There are a few point to note:  
* This text data needs to be converted to date and numeric types:
* The first column of date and time is in an unusual format consisting of the time followed by the day of month. The month and year are not present anywhere on the page and so must be inferred from the date used in the query.
* Some periods of inactivity result in missing values: these need to be converted to zero (of type float): '0.0' 

It would perhaps be expected that the complete date for each record could be generated for the returned two days of data using a simple formula such as:

In [7]:
# this simple formula does not allow for date ranges that span the month begining/end
#  e.g. when recDate is 2019-04-01 the previous date is 2019-03-31  
print(datetime.date(recDate.year,recDate.month,int('09')))

2019-05-09


However, the above formula will return erroneous values when the date used in the url requested is either the first or last day of the month. In these cases, due to the data spanning three days, the preceding or following day will be in a different month to the date requested. The above formula does not allow for this.
Hence a more thorough algorithm is used:

In [8]:
# function to convert 2 digit date(datestring)) scraped from table
# to datetime based on supplied date (inputDate)
# timedelta is used to ensure correct month is rendered.

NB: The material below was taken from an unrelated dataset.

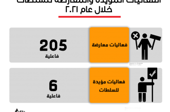 211 احتجاجا في 2021  للقوى السياسية المختلفة و131 انتهاكا للحريات الإعلامية و121 حكما بالإعدام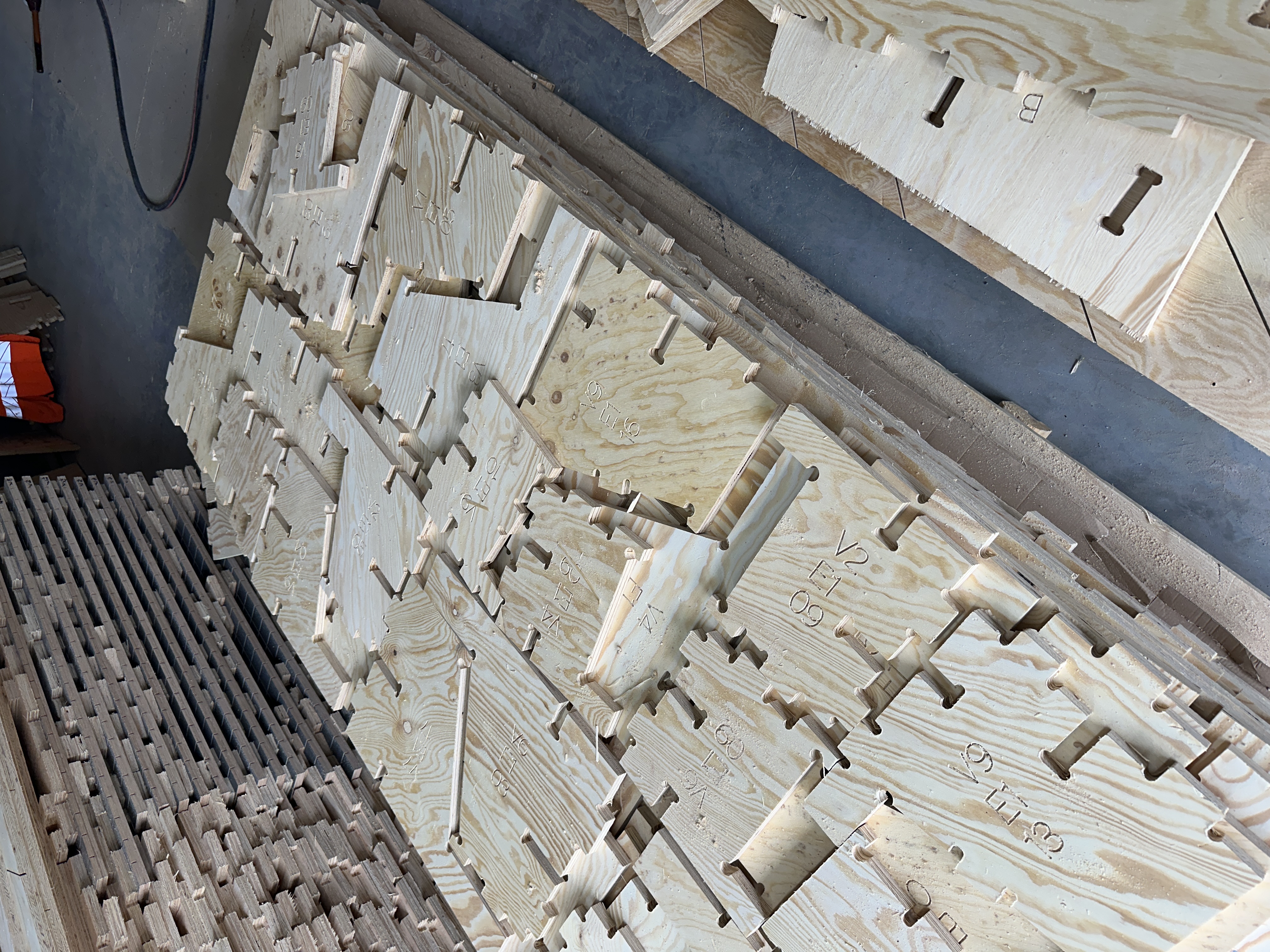 ”Bakkedækket er som nævnt dobbeltkrumt og består af ikke mindre end 1.453 specialdesignede støbekasser hver på 1,25 meter x 1,25 meter, som hver især hviler på et stillads med tilsvarende 1.453 tårne. Disse kasser har vi leveret som CNC-fræsede komponenter, der samles direkte ude på byggepladsen. De leveres som flatpacks, helt lige som når du er en tur IKEA,” forklarer Rene Østergaard.

def datestamp(inputDate, datestring):
    prevdate = inputDate - datetime.timedelta(days=1)
    nextdate = inputDate + datetime.timedelta(days=1)
    
    if (int(datestring)== prevdate.date().day): returndate=prevdate
    elif (int(datestring)== nextdate.date().day): returndate=nextdate
    else: returndate = inputDate
        
    return returndate

In [9]:
#function to convert the unusual format datetime(datestring) scraped from table
# to a conventional format datetime string
# based on the supplied date (inputDate)

def datestamp_convert(inputDate, datestring):
    day = datestring.text[7:9]
    time = datestring.text[:5]
    
    return str(datestamp(inputDate, day).date())+' '+time

In [10]:
# convert power readings to float and fill any gaps with 0.0 

def textToFloat(string):
    if (string):
        return float(string)
    else:
        return 0.0

In [11]:
data=[]

for row in rows[1:]:
  entry = row.find_all('td')
  timestamp = datestamp_convert(recDate, entry[0])
  data.append((timestamp, textToFloat(entry[1].text),textToFloat(entry[2].text)))

In [12]:
# display example of resultant data
data[20:25], data[45:]

([('2019-05-11 21:00', 0.077, 0.071),
  ('2019-05-11 22:00', 0.001, 0.001),
  ('2019-05-11 23:00', 0.016, 0.018),
  ('2019-05-12 00:00', 0.002, 0.0),
  ('2019-05-12 01:00', 0.0, 0.0)],
 [('2019-05-12 22:00', 0.0, 0.0),
  ('2019-05-12 23:00', 0.165, 0.21),
  ('2019-05-13 00:00', 0.531, 0.625)])

## Conclusion
This data is now fully processed and can be analysed further or stored in a database, for example.

By repeatedly calling the URL for different, sequential (2days) dates the required amount of data can be obtained.